6. Runtuhnya Kerajaan Cirebon


1. Kerajaan Cirebon terbagi menjadi 3 kesultanan yaitu, Keraton Kasepuhan dipegang
oleh Sultan Sepuh, Keraton Kanoman dipegang oleh Sultan Anom, Keraton
Karicebonan dipegang oleh Panembahan Karicebonan. Mereka hanya mengurusi
kerajaan masing-masing. Mengakibatkan kerajaan Cirebon perlahan-lahan mulai
hancur.
2. Setelah Sultan Panembahan Gerilya wafat pada tahun 1702, terjadi perebutan
kekuasaan diantara kedua putranya, yaitu antara Pangeran Marta Wijaya dan
Pangeran Wangsakerta. Di samping itu adanya campur tangan VOC yang mengadu
domba mereka membuat persaudaraan mereka menjadi permusuhan.

KERAJAAN BANTEN
1. Awal Terbentuknya Kerajaan Banten
Pada awalnya kawasan Banten juga dikenal dengan Banten Girang merupakan bagian
dari Kerajaan Sunda. Kedatangan pasukan Kerajaan Demak di bawah pimpinan Maulana
Hasanuddin ke kawasan tersebut selain untuk perluasan wilayah juga sekaligus penyebaran
dakwah Islam. Kemudian dipicu oleh adanya kerjasama Sunda-Portugal dalam bidang
ekonomi dan politik, hal ini dianggap dapat membahayakan kedudukan Kerajaan Demak
selepas kekalahan mereka mengusir Portugal dari Melaka tahun 1513. Atas perintah
Trenggana, bersama dengan Fatahillah melakukan penyerangan dan penaklukkan Pelabuhan
Kelapa sekitar tahun 1527, yang waktu itu masih merupakan pelabuhan utama dari Kerajaan
Sunda.
Selain mulai membangun benteng pertahanan di Banten, Maulana Hasanuddin juga
melanjutkan perluasan kekuasaan ke daerah penghasil lada di Lampung.
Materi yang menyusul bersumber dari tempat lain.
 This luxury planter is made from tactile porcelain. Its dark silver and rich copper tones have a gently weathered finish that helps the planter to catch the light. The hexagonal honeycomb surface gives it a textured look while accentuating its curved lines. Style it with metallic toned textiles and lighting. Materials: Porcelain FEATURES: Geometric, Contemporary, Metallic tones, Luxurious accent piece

Ia berperan dalam
penyebaran Islam di kawasan tersebut, selain itu ia juga telah melakukan kontak dagang
dengan raja Malangkabu (Minangkabau, Kerajaan Inderapura), Sultan Munawar Syah dan
dianugerahi keris oleh raja tersebut.
Seiring dengan kemunduran Demak terutama setelah meninggalnya Trenggana, Banten
yang sebelumnya vazal dari Kerajaan Demak, mulai melepaskan diri dan menjadi kerajaan
yang mandiri.
Sebelum kerajaan Islam berkuasa di Banten, ketika masih berada di bawah kekuasaan
raja-raja Sunda (dari Pajajaran, atau mungkin sebelumnya), Banten sudah menjadi kota yang
berarti. Dalam tulisan Sunda Kuno, cerita Parahyangan, disebutkan nama Wahanten Girang.
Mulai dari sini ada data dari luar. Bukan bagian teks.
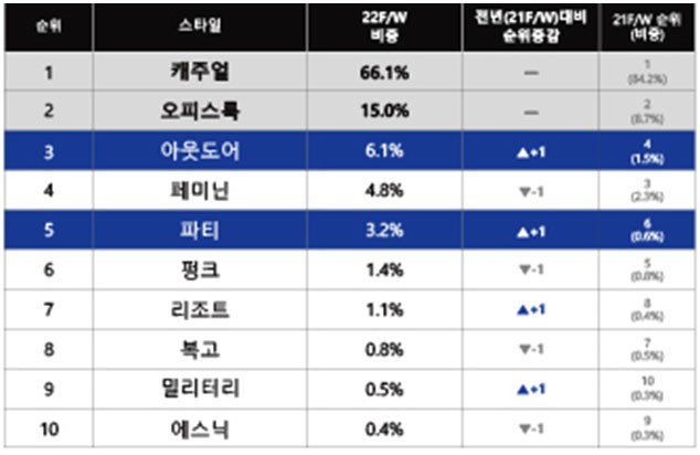 그러나, 팬데믹에서 자유로워진 분위기에 힘입어 아웃도어 스타일, 파티 스타일 등 폭넓은 취향을 반영한 스타일들이 지난 22S/S 시즌부터 상승세를 보이고 있다.

Nama ini dapat dihubungkan dengan Banten, sebuah kota pelabuhan di ujung barat pantai
utara Jawa. Pada tahun 1524 atau 1525, Sunan Gunung Jati dari Cirebon, meletakkan dasar
bagi pengembangan agama dan kerajaan islam serta perdangangan orang-orang islam di sana.
Menurut sumber tradisional, penguasa Pajajaran di Banten menerima Sunan Gunung Jati
dengan ramah-tamah dan tertarik masuk islam. Penguasa itu membukakan jalan seluas-
luasnya bagi kegiatan pengislaman di Banten. Dengan segera ia menjadi orang yang berkuasa
atas kota itu dengan bantuan tentara Jawa yang memang dimintanya. Namun, meurut berita
Barros, penyebaran Islam di Jawa Barat tidak melalui jalan damai, sebagaimana disebut oleh
sumber tradisional. Beberapa pengislaman mungkin terjadi secara sukarela, tetapi kekuasaan
tidak diperoleh kecuali dengan menggunakan kekerasan. Banten, dikatakan justru diserang
dengan tiba-tiba.[6]
Untuk menyebarkan Islam di Jawa Barat, langkah Sunan Gunung Jati berikutnya adalah
menduduki pelabuhan Sunda yang sudah tua, kira-kira tahun 1527. Ia memperluas
kekuasaannya atas kota-kota pelabuhan lain di Jawa Barat yang semula di bawah kekuasaan
di Pajajaran.
Setelah ia kembali ke Cirebon, kekuasaannya atas Banten diserahkan kepada puteranya,
Hasanuddin. Hasanuddin sendiri menikah dengan puteri Demak dan diresmikan menjadi
Panembahan Banten tahun 1552. Ia meneruskan usaha-usaha ayahnya dalam memperluas
daerah Islam, yaitu ke Lampung dan daerah sekitarnya di Sumatera Selatan.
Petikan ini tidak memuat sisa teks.